The Skeena, second longest river in the province, remains an icon of British Columbia’s northwest. Called Xsien (“water of the clouds”) by the Tsimshian and Gitksan, it has always played a vital role in the lives of Indigenous people of the region. Since the 1800s, it has also become home to gold seekers, traders, salmon fishers and other settlers who were drawn by the area’s beauty and abundant natural resources.

Voices from the Skeena takes readers on a journey inspired directly by the people who lived there. Combining forty illustrations with text selected from the pioneer interviews CBC radio producer Imbert Orchard recorded in the 1960s, the book follows the arrival of the Europeans and the introduction of the fur trade to the Omineca gold rush and the building of the Grand Trunk Pacific Railroad.

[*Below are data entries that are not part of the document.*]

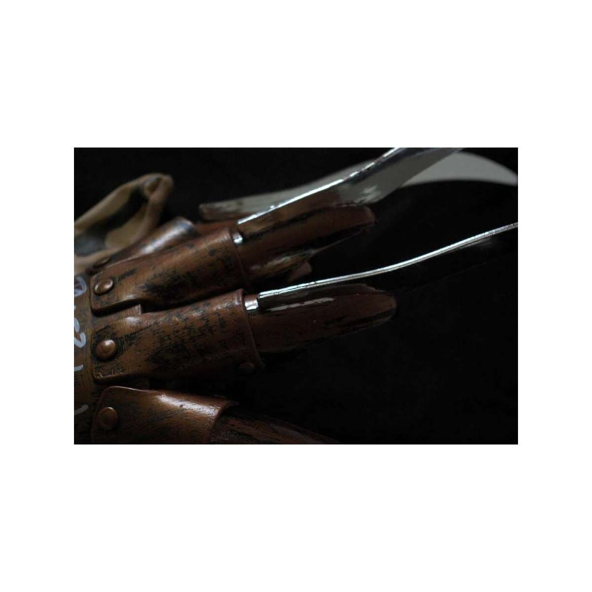 IMPORTANT : Ceci est une REPLIQUE du fameux gant de Freddy Kruger, réplique sous licence New Line Cinema faite à partir des moules originaux. La taille est unique mais la matière est élastique et convient quasiment à toutes les mains. Les lames sont en plastique et ne coupent pas ! Notez que ce gant a été PERSONNELLEMENT SIGNE par l'acteur (C'est la première fois que Robert Englund participe à une séance de dédicaces privées). La réplique est livrée avec une photo ainsi qu'un certificat d'authenticité.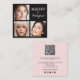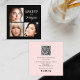 Blush pink business card with black typography and elegant script. Update qr code with your website, edit social media icons for your business and add 3 unique photos for your business. Message the designer for more customisation options.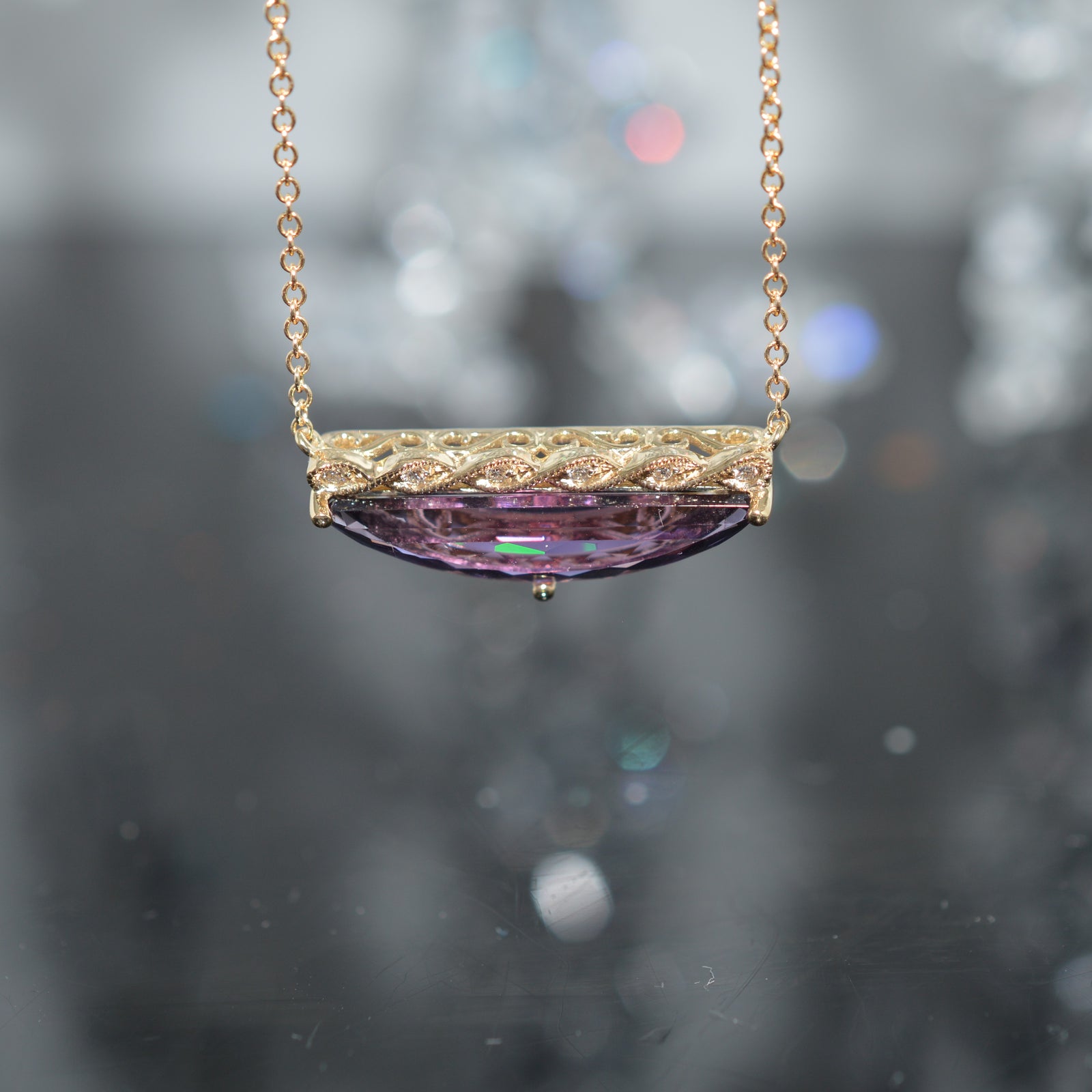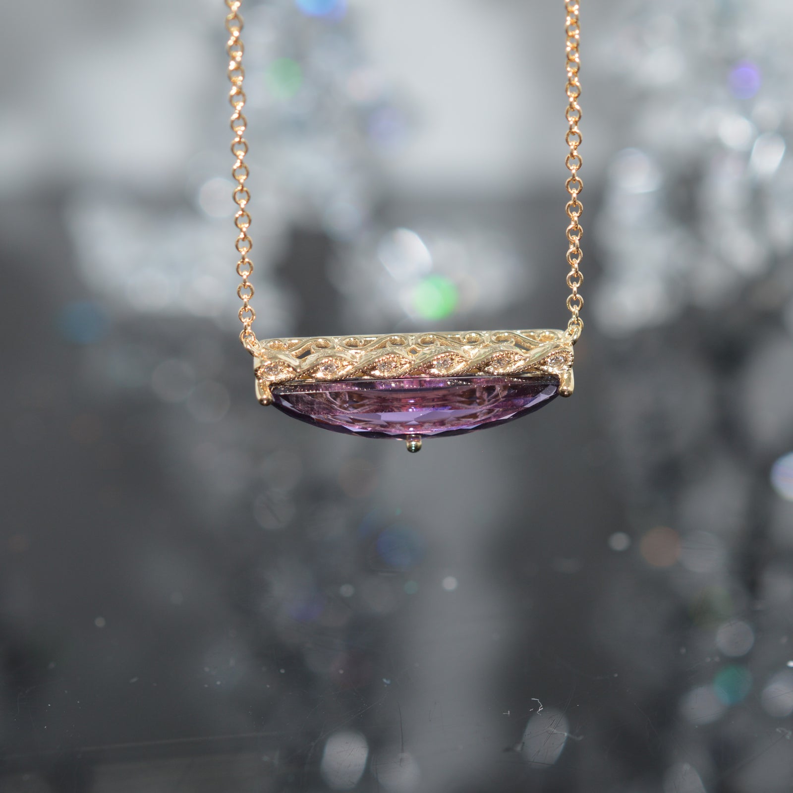 $2,100.00 USD14K Yellow Gold Half-Moon Cut Amethyst & Diamond Necklace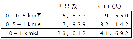 ・店舗から1㎞圏内は単身世帯比率が57.6%、2人世帯比率が21.8%と全体の約8割が少人数世帯です。

Open the pages to meet Robert Cunningham, an Anglican missionary who would later become the founder of the thriving Port Essington. Here too is a man called Cataline, a packer for whom no settlement was too remote to reach, and the indominable Sarah Glassey, the first woman to pre-empt land in British Columbia. At the heart of these stories is the river, weaving together a narrative of a people and their culture. Pairing the stories with Roy Henry Vicker’s vibrant art creates a unique and captivating portrait of British Columbia that will appeal to art lovers and history readers alike.

Additional Information
112 pages | 11.00" x 8.00" | 40 colour illustrations

This work has received the Authentic Indigenous Text label because of the interviews/contributions with Indigenous people like Vicky Sims and Chief Jeffrey H. Johnson. It is up to readers to determine if this work is authentic for their purposes.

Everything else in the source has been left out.